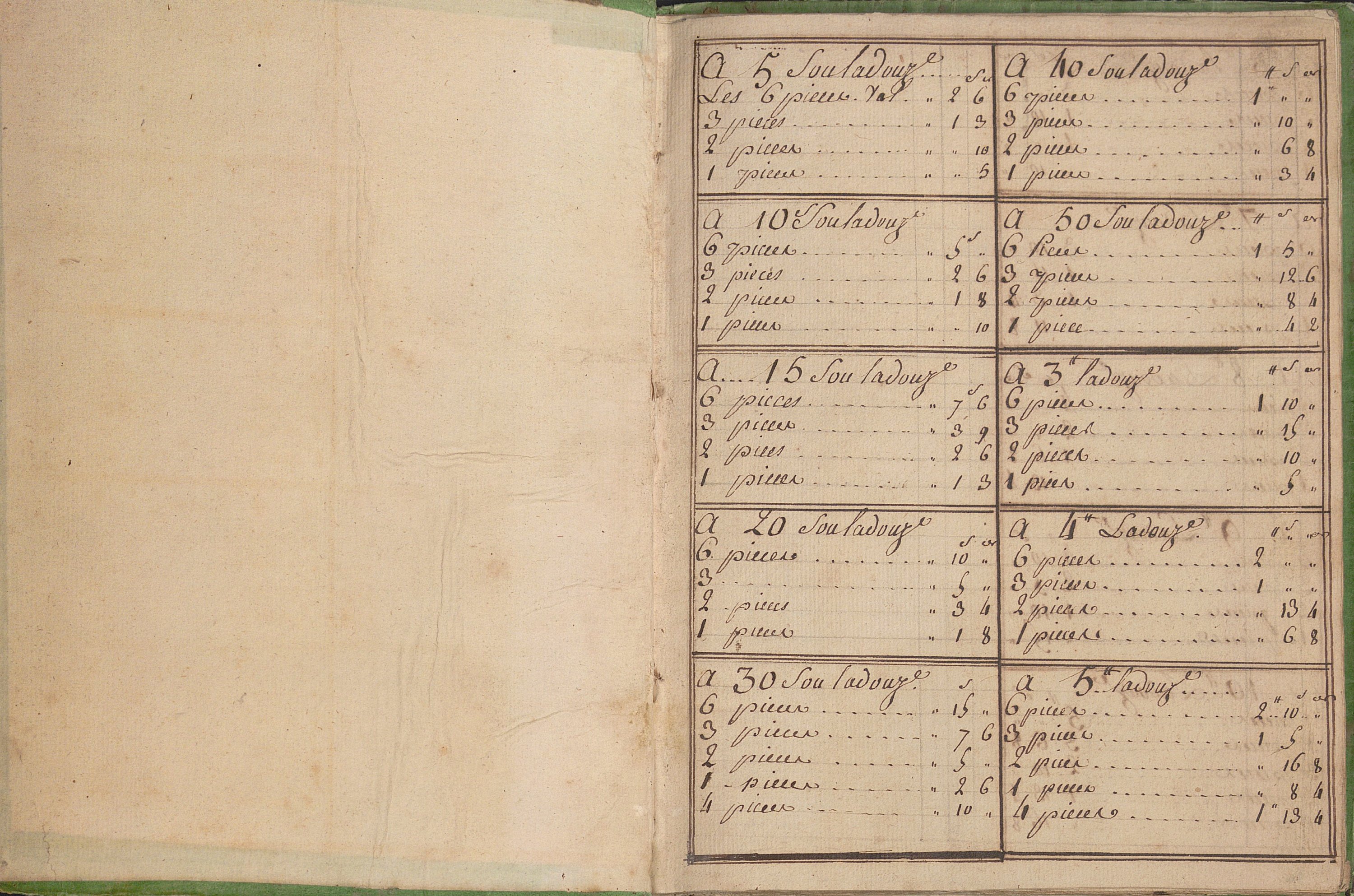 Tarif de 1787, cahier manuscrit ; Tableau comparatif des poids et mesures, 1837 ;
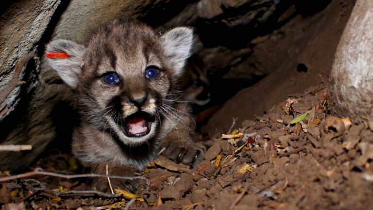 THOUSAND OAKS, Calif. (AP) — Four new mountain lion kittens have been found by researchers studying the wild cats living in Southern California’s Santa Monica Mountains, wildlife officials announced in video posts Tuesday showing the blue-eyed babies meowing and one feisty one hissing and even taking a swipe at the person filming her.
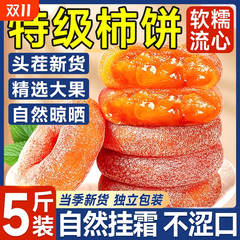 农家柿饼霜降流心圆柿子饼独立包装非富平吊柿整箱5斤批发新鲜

WHAT THIS TASK INVOLVES:
Return only the lines from the start of the data through the line that contains "THOUSAND OAKS, Calif.", please, copying them exactly and omitting all pictures.

RESPONSE AREA:
 Tarif de 1787, cahier manuscrit ; Tableau comparatif des poids et mesures, 1837 ;
 THOUSAND OAKS, Calif. (AP) — Four new mountain lion kittens have been found by researchers studying the wild cats living in Southern California’s Santa Monica Mountains, wildlife officials announced in video posts Tuesday showing the blue-eyed babies meowing and one feisty one hissing and even taking a swipe at the person filming her.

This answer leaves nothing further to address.